Start of Block

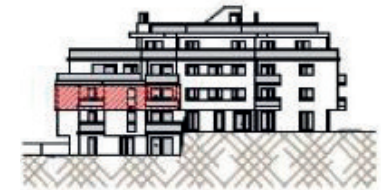
Westfassade - Richtung Ghelegasse
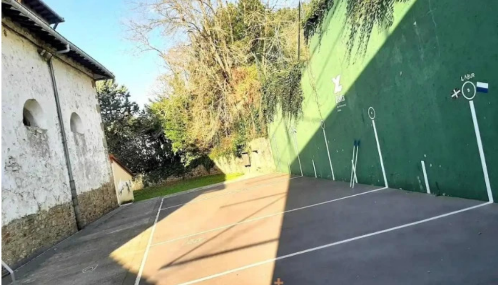
Iglesia otxaran mimetiz
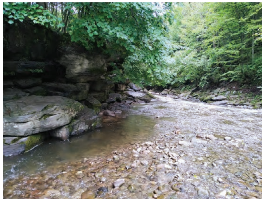
Sine Wiry (powyżej) i Zwieżło (poniżej)
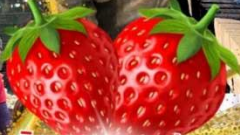
ชิมสตอเบอร์รี่สด ๆ จากไร่
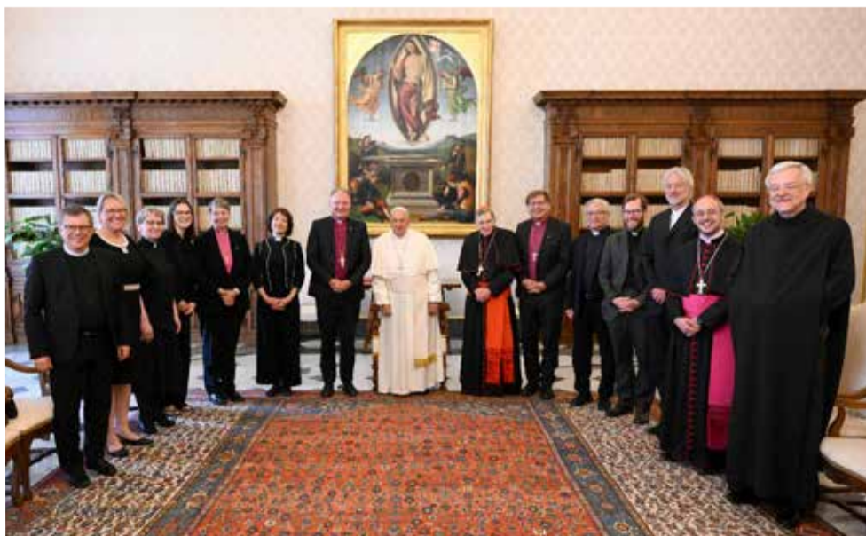
Папа Франциск (в центре) принимает делегацию ВЛФ в Ватикане.

По материалам сайта www.lutheranworld.org
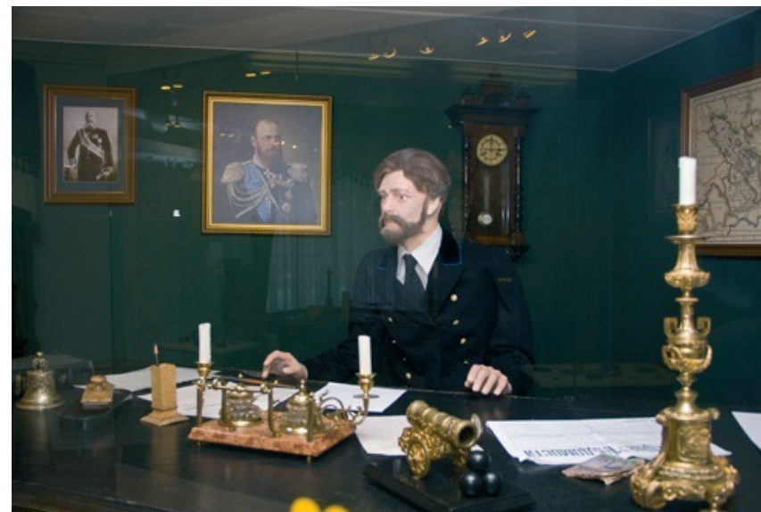
Рис. 5. Национальный музей Республики Карелия. Экспозиция «На статской службе». Чиновничество Петрозаводска в XIX – начале XX вв.»

Сословная структура города продемонстрирована в тематических комплексах «Городские обыватели. Быт Петрозаводска» и «Олонецкое духовенство. Православие в Карелии». Повседневная жизнь губернского города представлена в реконструкциях двух интерьеров: горницы ме-
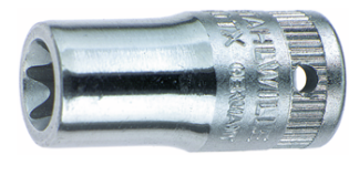
01270008 Douille pour tournevis
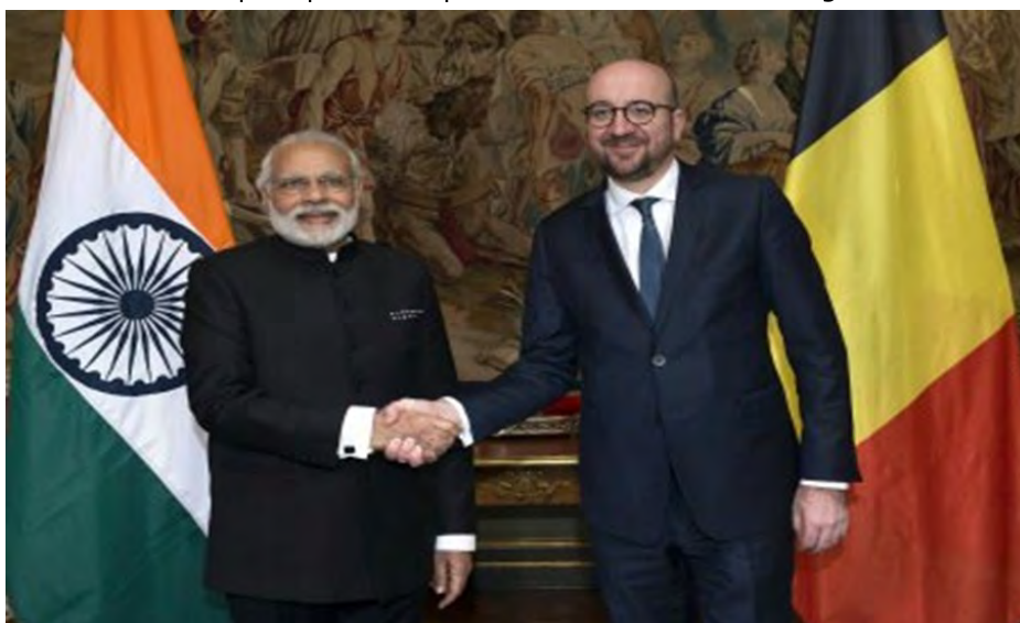
El Primer Ministro Narendra Modi saluda a su par belga, Charles Michel, en ocasión de su encuentro en Bruselas, el 30 de marzo.

Hubo también un almuerzo con CEOs y líderes de negocios, seguido por la activación remota del telescopio de India-Bélgica AIREs (Aryabhata Instituto de Investigación para las Ciencias Observacionales), el telescopio óptico completamente orientable más grande de Asia.
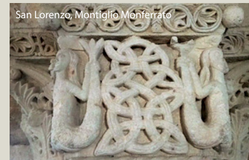
San Lorenzo, Montiglio Monferrato
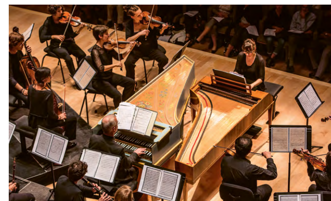
Bach Cantates - Il Convito
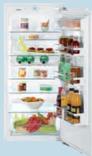
IK 2350 Premium
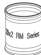
Caratteristiche delle bussole

Dettaglio bussola (rif.3 tab.2) - la scritta RM Series sta ad indicare che il raccordo può essere pressato con le pinze indicate in tabella 1.
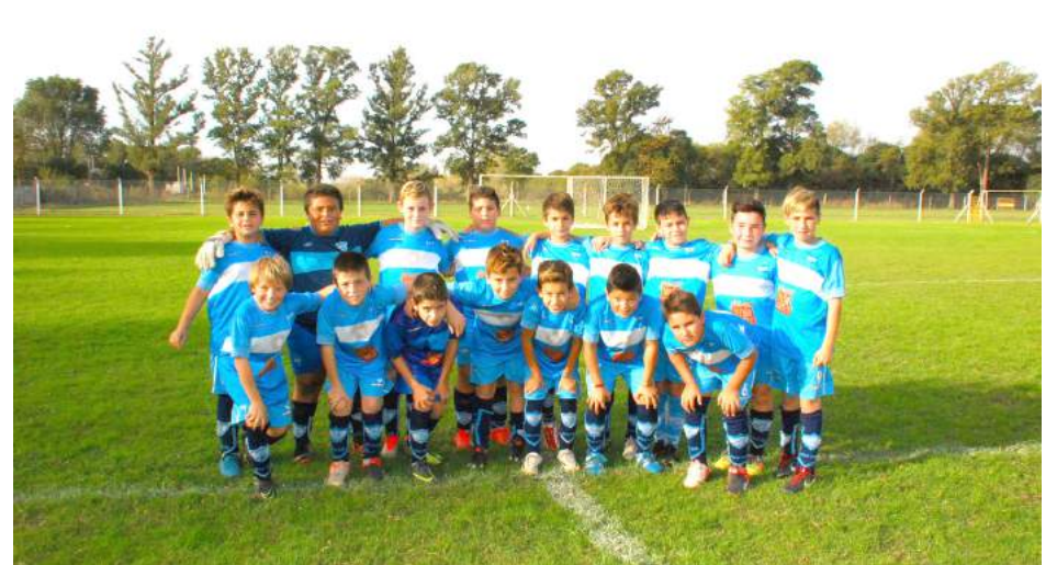
Octava División Atlético San Martín.
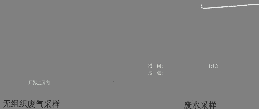
附图 1: 现场采样照片
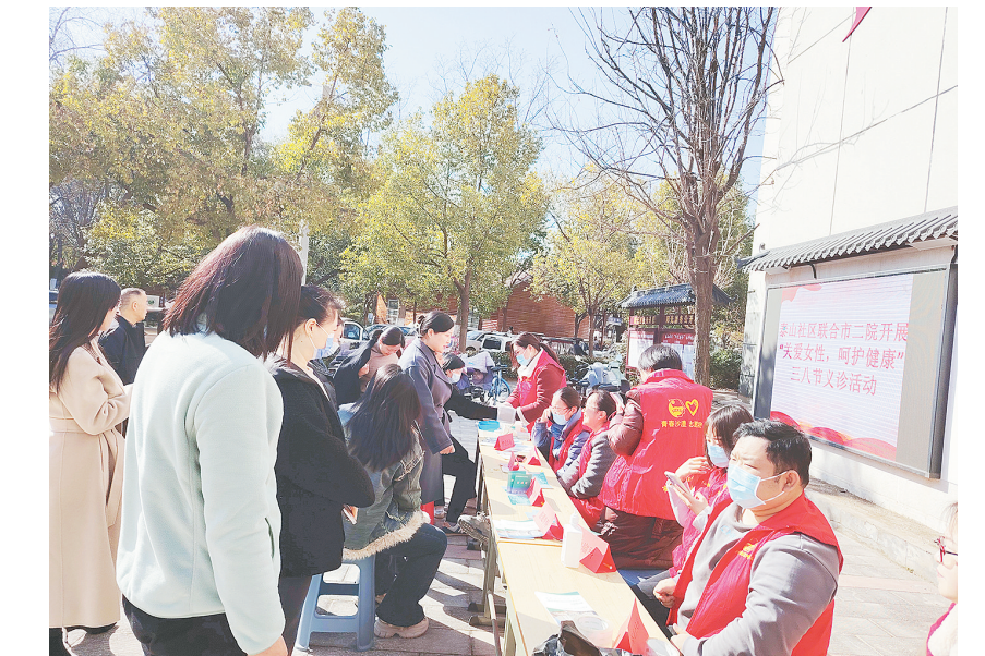
3月8日,郾城区沙北街道泰山社区联合市二院开展“关爱女性 呵护健康”义诊活动。

End of Block

Exercise prompt
Pictures excluded, return exactly the lines from the one with "Dettaglio bussola (rif.3" through the final line of the entries above, both included.

Result for this exercise
Dettaglio bussola (rif.3 tab.2) - la scritta RM Series sta ad indicare che il raccordo può essere pressato con le pinze indicate in tabella 1.
Octava División Atlético San Martín.
附图 1: 现场采样照片
3月8日,郾城区沙北街道泰山社区联合市二院开展“关爱女性 呵护健康”义诊活动。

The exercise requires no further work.